**EXERCISE**
Please retype the entries exactly as they stand, leaving out any pictures.

**EXERCISE MATERIALS**
· · · · ·

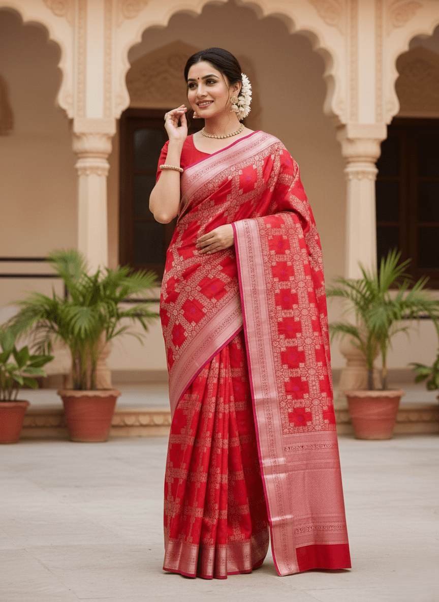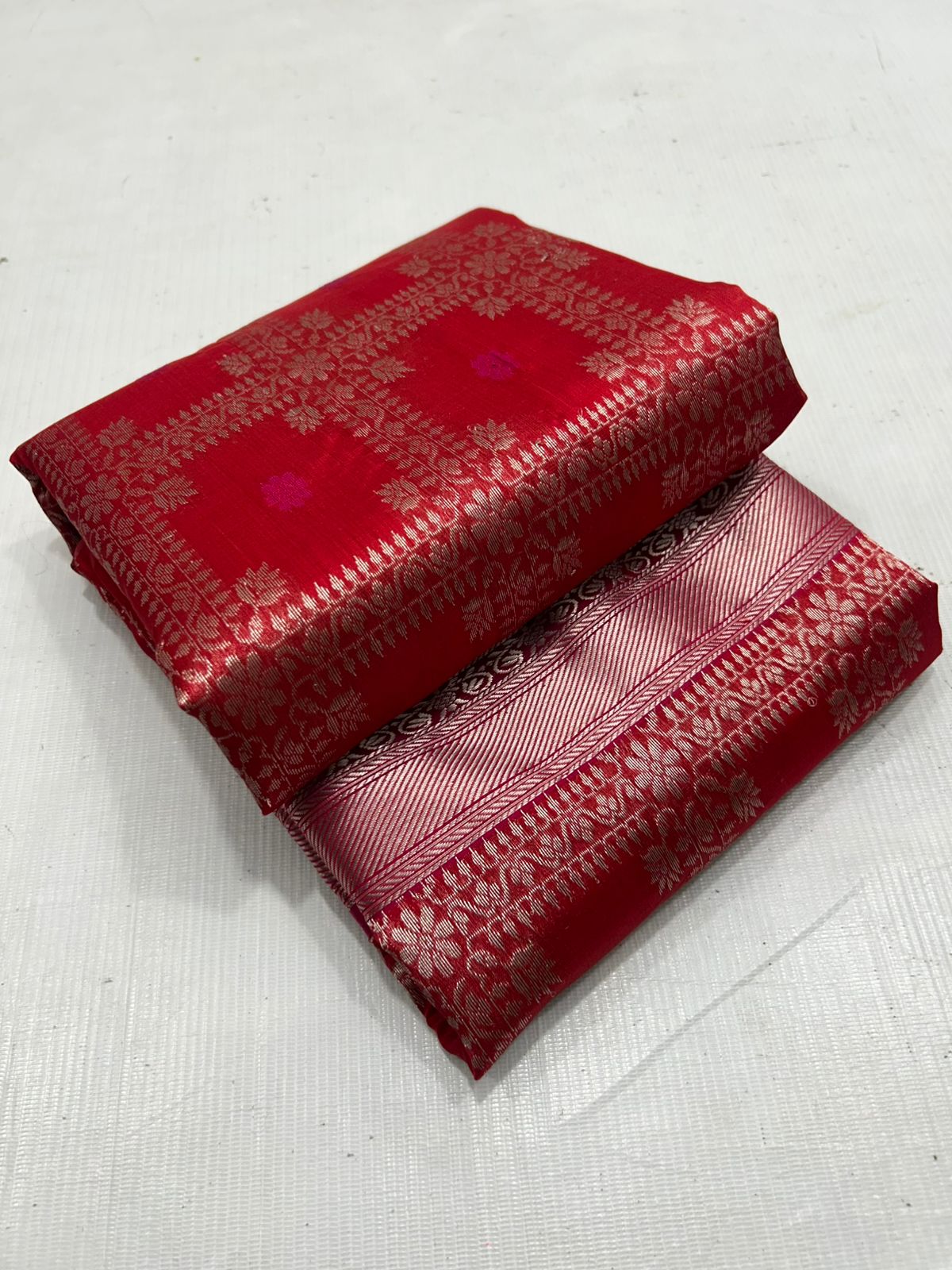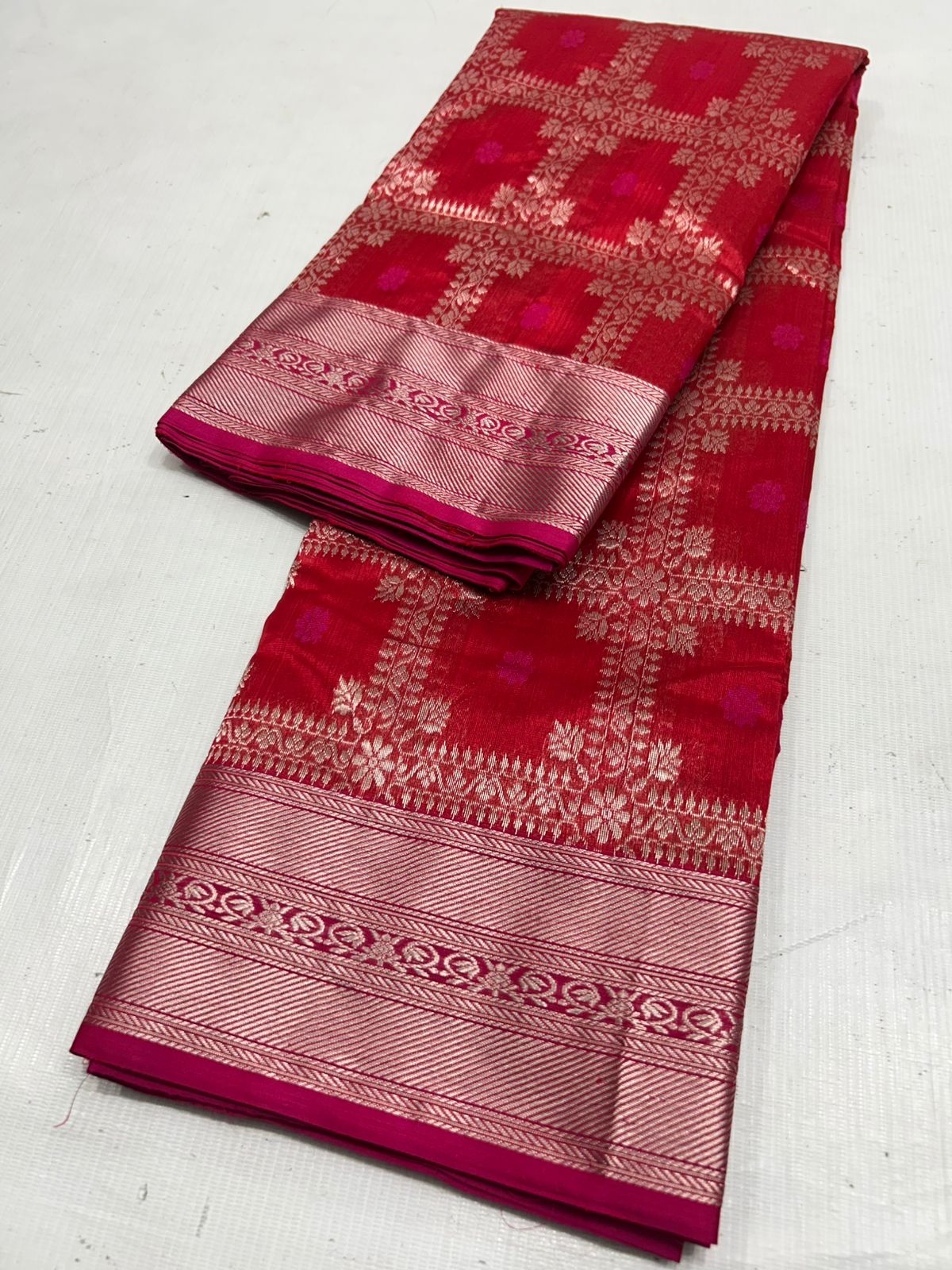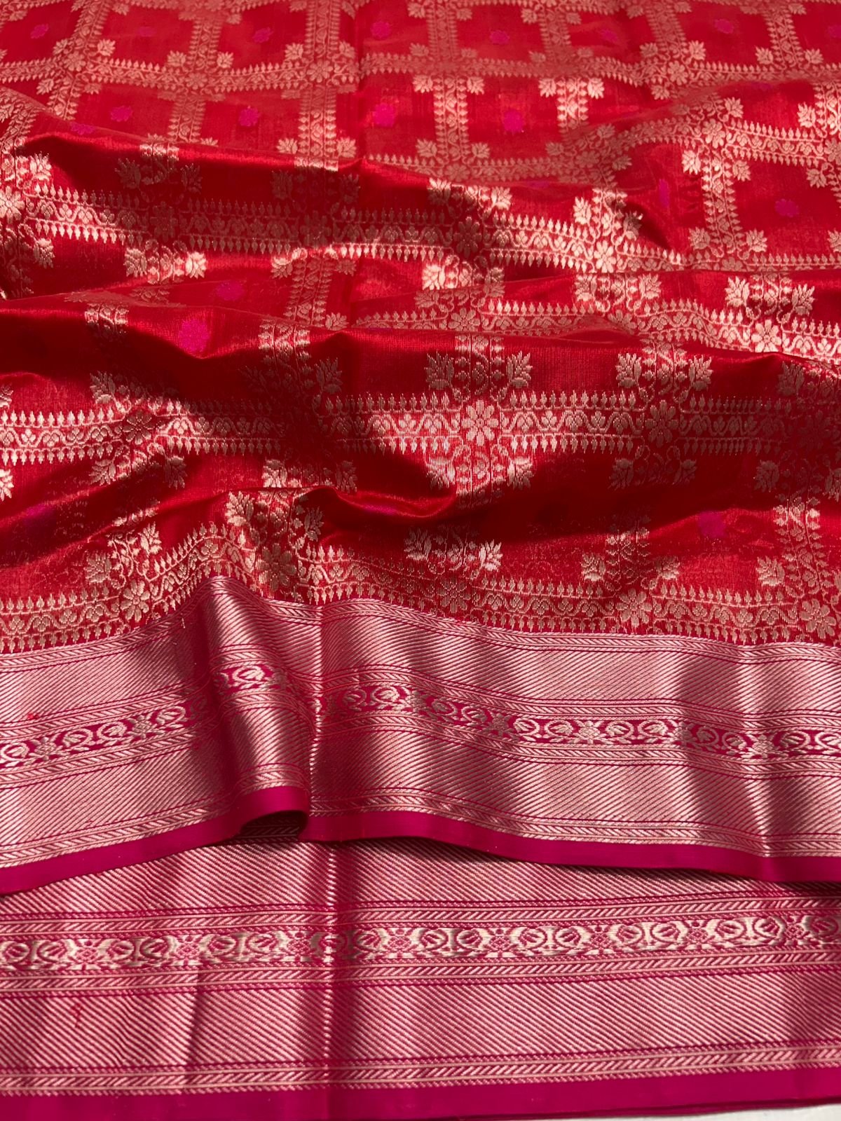 Red Chanderi Handloom Pattu Silk Bridal Saree
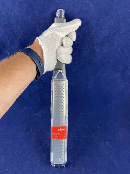 Дрібна терка із захисним елементом призначена для натирання та подрібнення продуктів, шоколаду, сиру, горіхів, незамінний інвентар на кухнях ресторану, кафе, бару, фаст-фуду, на виїзних заходах.
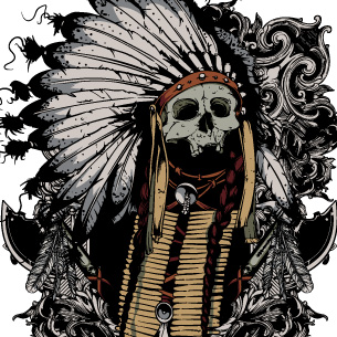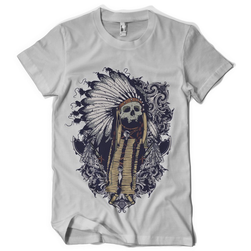 Indian Soul digital design in vector format, featuring detailed indian skull now available for Adobe Illustrator, Adobe Photoshop and Corel Draw and can be used for digital printing and screenprinting .
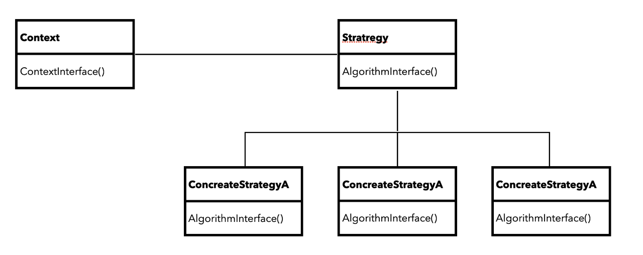 객체들이 할 수 있는 행위 각각에 대해 전략 클래스를 생성하고, 유사한 행위들을 캡슐화 하는 인터페이스를 정의하여, 객체의 행위를 동적으로 바꾸고 싶은 경우 직접 행위를 수정하지 않고 전략을 바꿔주기만 함으로써 행위를 유연하게 확장하는 방법이다.
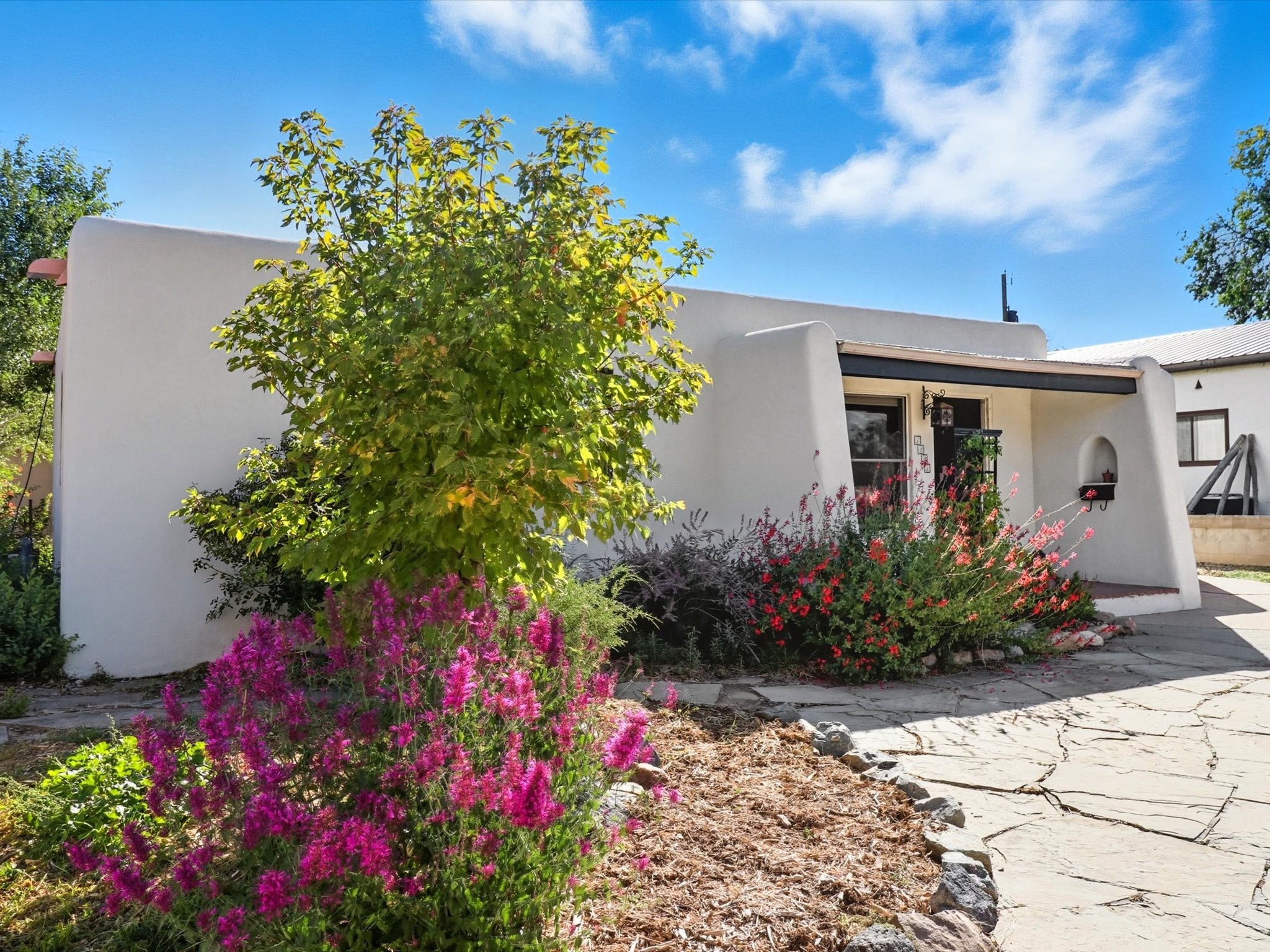 Located in the desirable Casa Alegre neighborhood, this cozy single-level 2-bedroom, 1-bathroom home seamlessly blends classic Santa Fe style with modern updates, including a recent electrical upgrade and timeless wood floors throughout. An inviting and spacious sunroom offers a light-filled retreat, while the converted one-car garage provides flexible bonus space, perfect for a home office, studio, or extra storage. Step outside to a private backyard featuring a beautiful gazebo, ideal for outdoor entertaining and relaxation, complemented by a low-maintenance flagstone front yard that adds to its undeniable curb appeal.

· · · · ·

**SOLUTION FOR THIS PROBLEM**
 Red Chanderi Handloom Pattu Silk Bridal Saree
 Дрібна терка із захисним елементом призначена для натирання та подрібнення продуктів, шоколаду, сиру, горіхів, незамінний інвентар на кухнях ресторану, кафе, бару, фаст-фуду, на виїзних заходах.
 Indian Soul digital design in vector format, featuring detailed indian skull now available for Adobe Illustrator, Adobe Photoshop and Corel Draw and can be used for digital printing and screenprinting .
 객체들이 할 수 있는 행위 각각에 대해 전략 클래스를 생성하고, 유사한 행위들을 캡슐화 하는 인터페이스를 정의하여, 객체의 행위를 동적으로 바꾸고 싶은 경우 직접 행위를 수정하지 않고 전략을 바꿔주기만 함으로써 행위를 유연하게 확장하는 방법이다.
 Located in the desirable Casa Alegre neighborhood, this cozy single-level 2-bedroom, 1-bathroom home seamlessly blends classic Santa Fe style with modern updates, including a recent electrical upgrade and timeless wood floors throughout. An inviting and spacious sunroom offers a light-filled retreat, while the converted one-car garage provides flexible bonus space, perfect for a home office, studio, or extra storage. Step outside to a private backyard featuring a beautiful gazebo, ideal for outdoor entertaining and relaxation, complemented by a low-maintenance flagstone front yard that adds to its undeniable curb appeal.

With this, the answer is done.